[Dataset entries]
- - - -

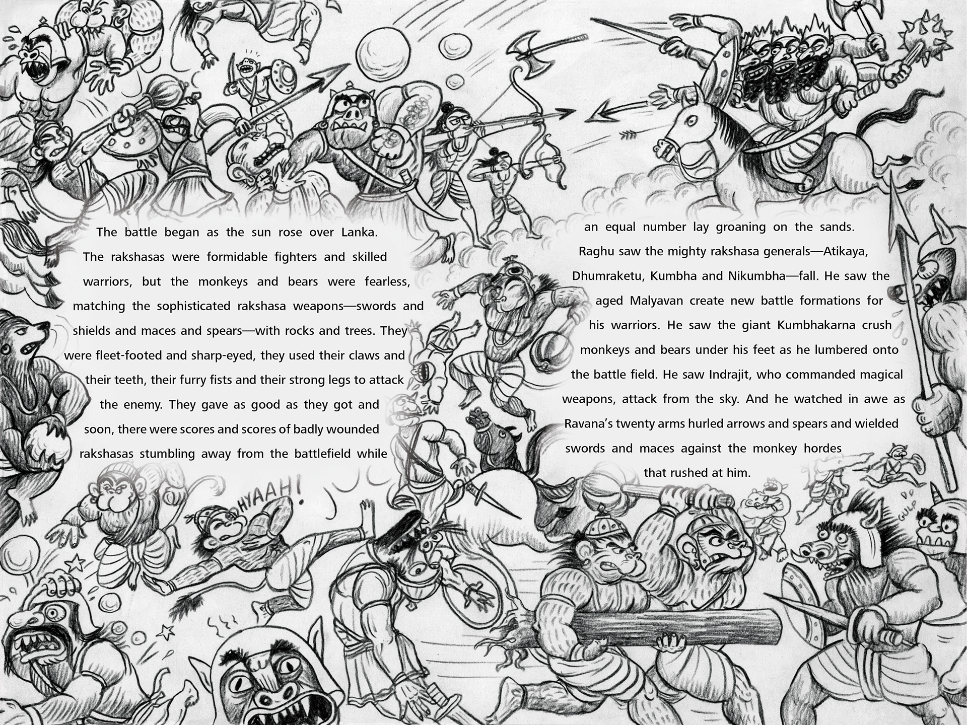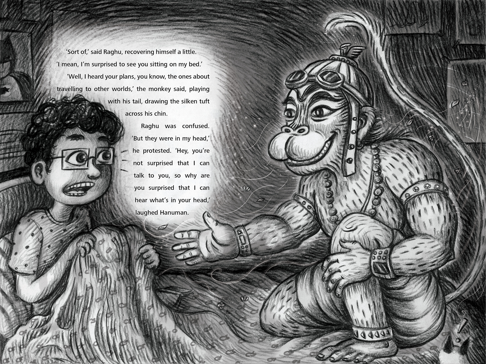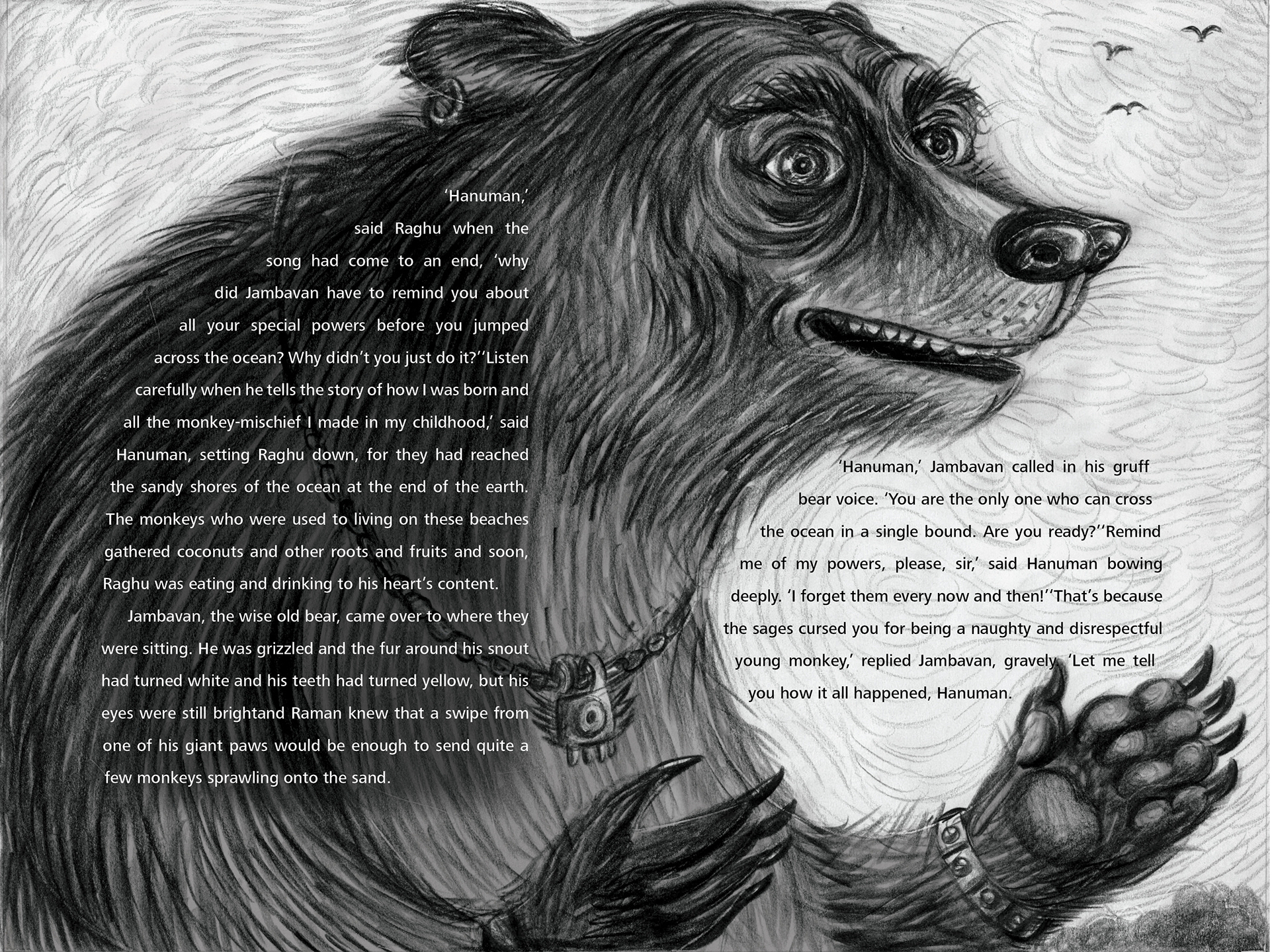 Retelling of Hanumans story from a modern childs point of view. Written by Arshia Sattar and Visualised by Sunaina Coelho.
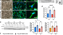 1.25 × 106 cells were used per RNA sample. Trizol reagent and chloroform were used along with the RNase Easy Mini Columns (Qiagen) with DNase I treatment. cDNA was produced using SuperScript VILO MasterMix, using 1 μg of RNA. Fast SYBR green was used for the qPCR reaction. Primer sequences in Supplementary Table 1 and data analysed using dCT method.
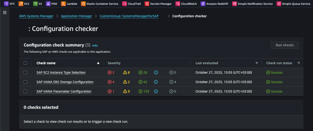 In this article, I will discuss the new Systems Manager feature announced by AWS in early September, which verifies how well SAP configurations running on AWS comply with best practices, as well as the details of this feature. This new capability helps you compare your SAP HANA configurations against the AWS Well-Architected Framework (SAP Lens) and official AWS for SAP documentation. It automatically checks EC2 instance types, EBS storage setup, and Pacemaker HA configurations to ensure compliance with best practices.
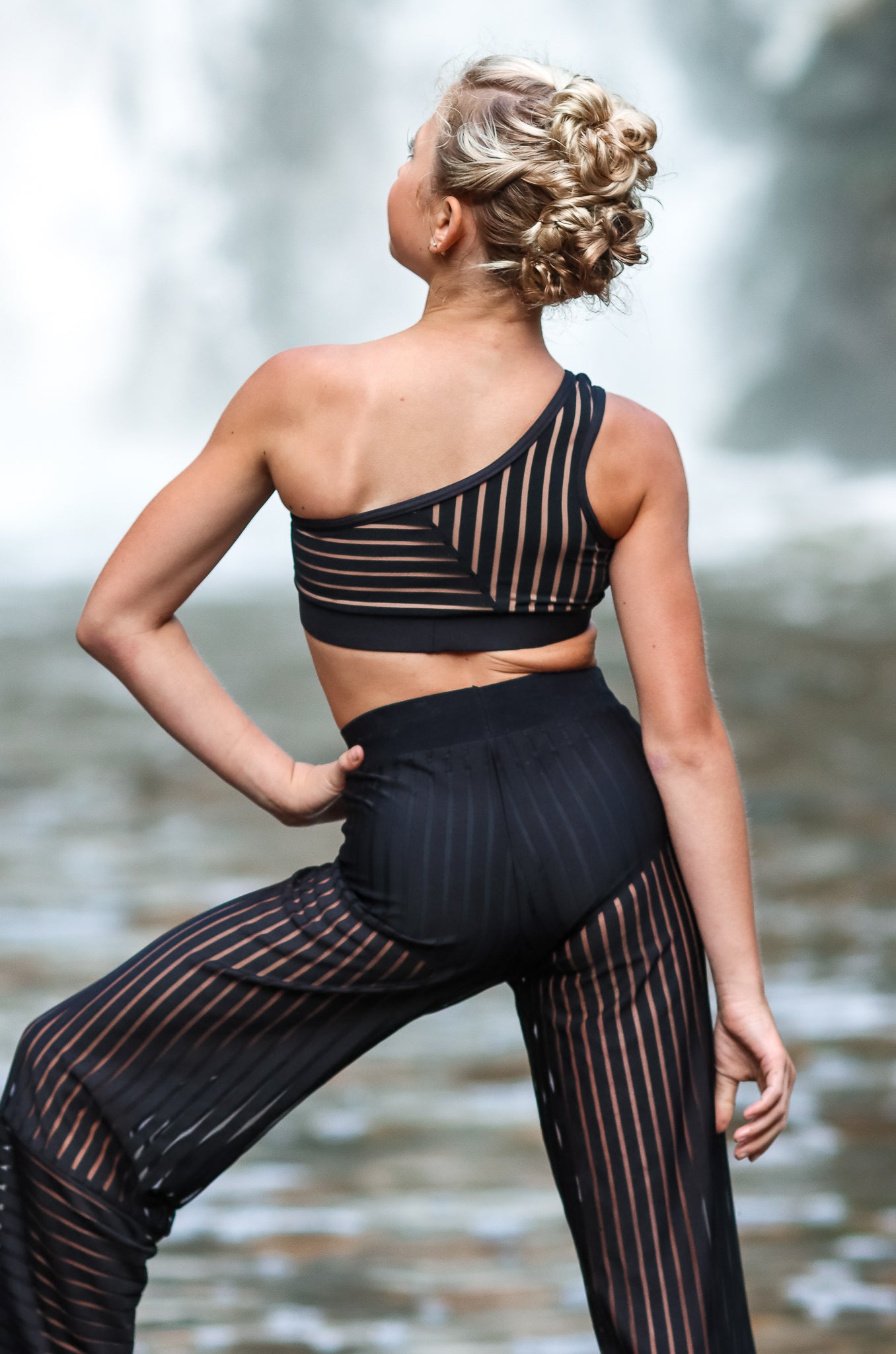 Offered in two distinct colorways, we created a look like none other that will command unparalleled attention in any setting. This sporty, sophisticated, and trendy three piece set includes a single shoulder crop top, solid colored brief and a wide leg, ankle length pant. The top and pant feature a playful 90° rotation in the fabric's stripe, as a reminder that you are unparalleled.
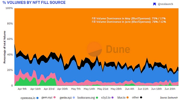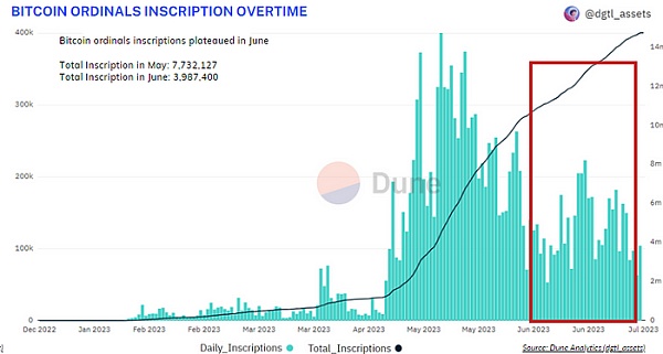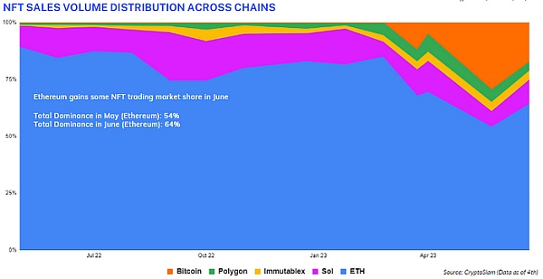 以太坊和 Solana 等知名区块链上的 NFT 交易量在 6 月份出现了显着增长,但比特币的交易量出现了最严重的下降,前一个月下降了 46 % 。然而,Ordinals 一直在继续吸引 NFT 投资者,并在 6 月份受到关注,主要是因为它们建立在比特币的基础上。比特币继续超越 Solana,占据 NFT 交易第二大链的称号。
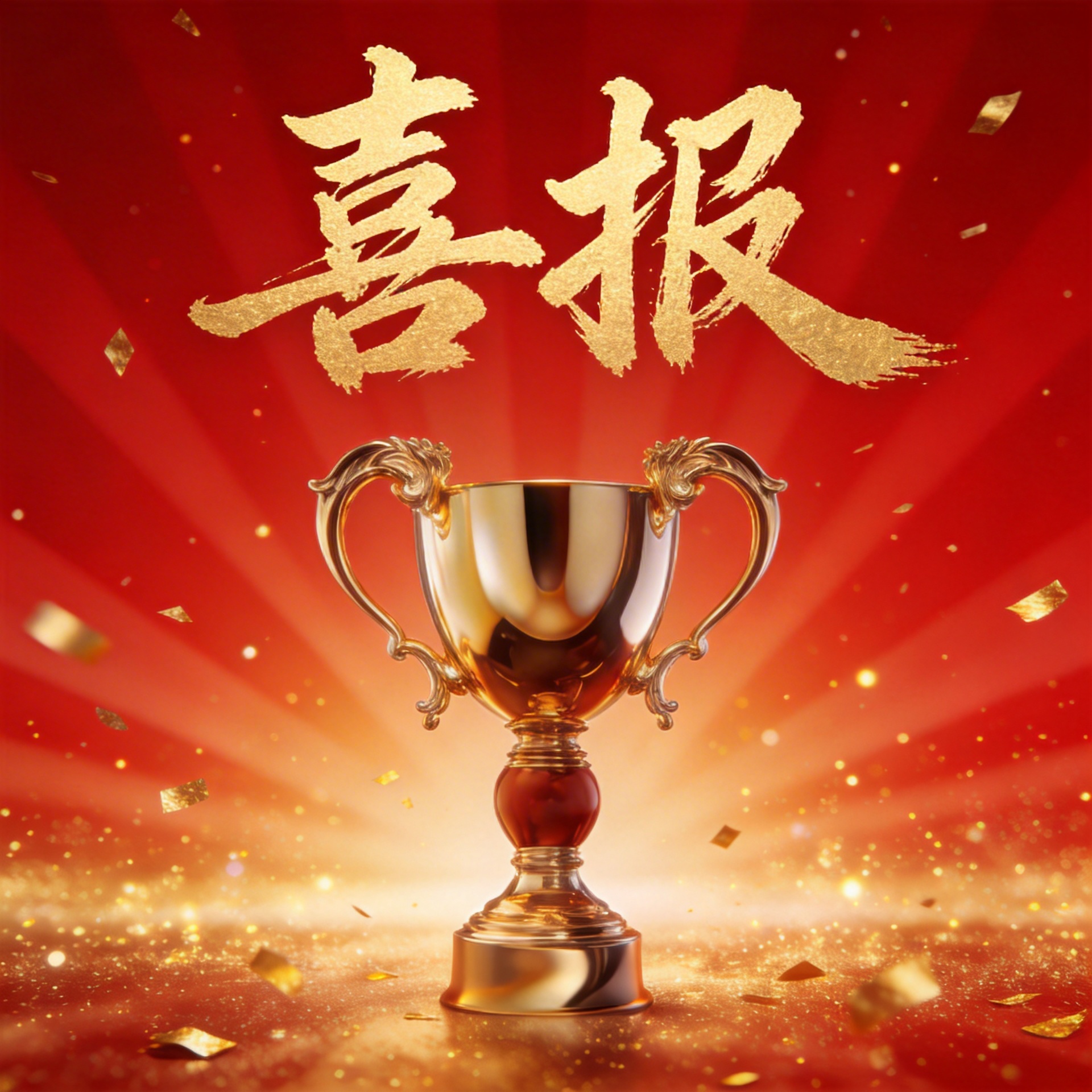 红色喜报创意奖杯微信公众号首图

- - - -

▸ What to do
What you write must match, line for line, the records from the line containing "以太坊和 Solana 等知名区块链上的" through the last line, with every picture left out.

▸ Final answer
 以太坊和 Solana 等知名区块链上的 NFT 交易量在 6 月份出现了显着增长,但比特币的交易量出现了最严重的下降,前一个月下降了 46 % 。然而,Ordinals 一直在继续吸引 NFT 投资者,并在 6 月份受到关注,主要是因为它们建立在比特币的基础上。比特币继续超越 Solana,占据 NFT 交易第二大链的称号。
 红色喜报创意奖杯微信公众号首图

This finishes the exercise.